Xander was still watching the shadows of Harry and Bub in the car in front. Nathan frowned to himself. He trusted Harry, he honestly did. With his life probably, if it ever came to it. Still, as Harry turned his head to say something to Bub, Nathan found himself replaying that minute before they’d reached Cameron’s car.
‘It’s interesting that Glenn could see Cam’s car from outside your boundary,’ Xander said suddenly. ‘It was pretty well hidden otherwise.’
‘Yeah. But you could say the same for lots of places. Cam could’ve dumped it in the middle of the road in broad daylight and there’d be a good chance no-one would find it for ages. How often does anyone come along there? Once a week? And then, it’s only us or the Atherton lot.’
‘I suppose,’ Xander said. ‘It’s just so flat around here, if I didn’t want my car seen, I’d leave it around the rocks, too.’ He looked out at the empty land. ‘It’s shit that no-one drove or flew by earlier. Even if Thursday was too late, Wednesday might not have been.’
Nathan didn’t reply, but Xander was right. If the car had been found sooner, the alarm would have been raised immediately and help called to hand. Nathan suddenly wondered – he tried to stop himself, but couldn’t – whether the same would be true for himself. If it were his car found abandoned and him in trouble or missing. Would the local passer-by call it in? Or would all those people who still turned their backs on him discover that, actually, when push came to shove, they were no better than he was? He honestly didn’t know.
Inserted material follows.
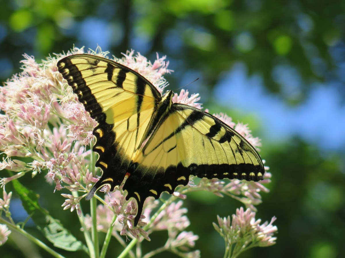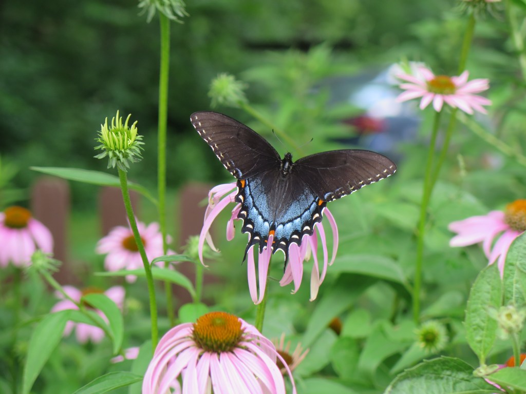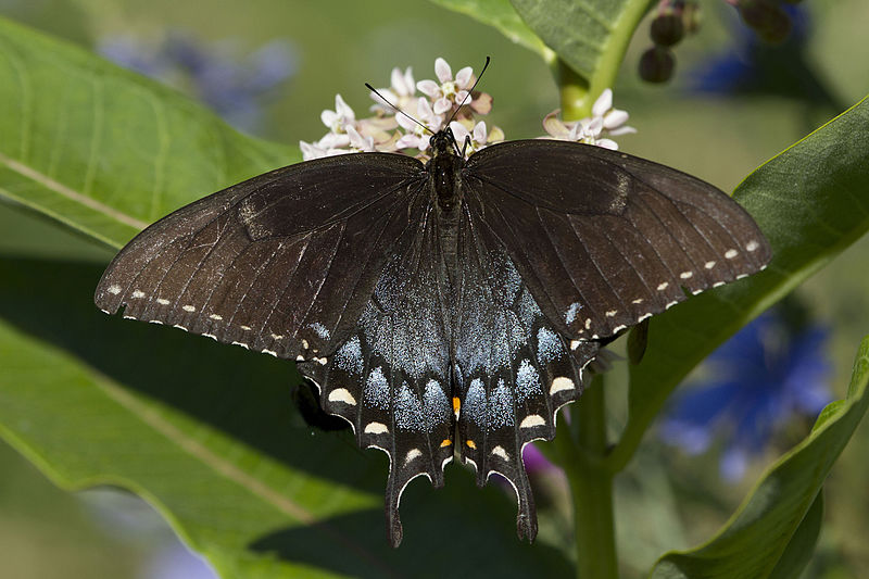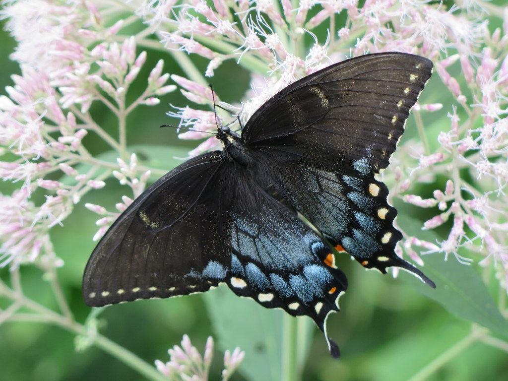 A Female Eastern Tiger Swallowtail blue morph, part of the infamous “North American Mimicry Complex,” visiting Joe Pye weed. Swallowtails seem to love Joe Pye weed.

It wasn’t Ilse’s fault, not even a little bit, but Nathan wouldn’t have even been in town that day if it hadn’t been for her. It had been his third weekend visit in a row to the pub. He’d stopped pretending to himself that he had business in town that made the trip worthwhile and had gone anyway.
On his second visit, they’d sat across from each other in the empty bar and he had found himself telling Ilse about his divorce and his son living fifteen hundred kilometres away. In turn, she had told him how she’d had to put her degree on hold and become a full-time carer when her mum’s cancer prognosis became terminal. She’d been engaged, but the daily grind of end-of-life care had proved a bit too much for him, and by the time her mum died, Ilse wasn’t engaged anymore.
They had had another drink and somehow, Nathan wasn’t sure how, they’d ended up smiling and finally laughing. Not about what had happened, but about other things, lighter things that made everything else seem more bearable. He couldn’t stop staring at her. He liked the way she looked and the way she looked at him. He told her about the sand dunes. She smiled and said she’d love to go with him one day.
On Nathan’s third visit, he’d stayed again until closing time and Ilse had reached out for his hand after he helped her lock up. The road had been deserted in both directions. She’d let him lead her away from the only streetlight so they could see the glorious night sky more clearly and he’d found himself, as hoped, in a dark corner pressing her hard against the side of his four-wheel drive, with her mouth warm against his. In a heady mix of delight and disbelief he’d thrown open the rear of his car where his sleeping bag was rolled out and waiting for him. Her skin was soft and hot as he’d reached under her shirt and felt her hands on his jeans. Then he’d held her tight and listened to her fast rhythmic breath as the stars shone down on them through the dusty windows.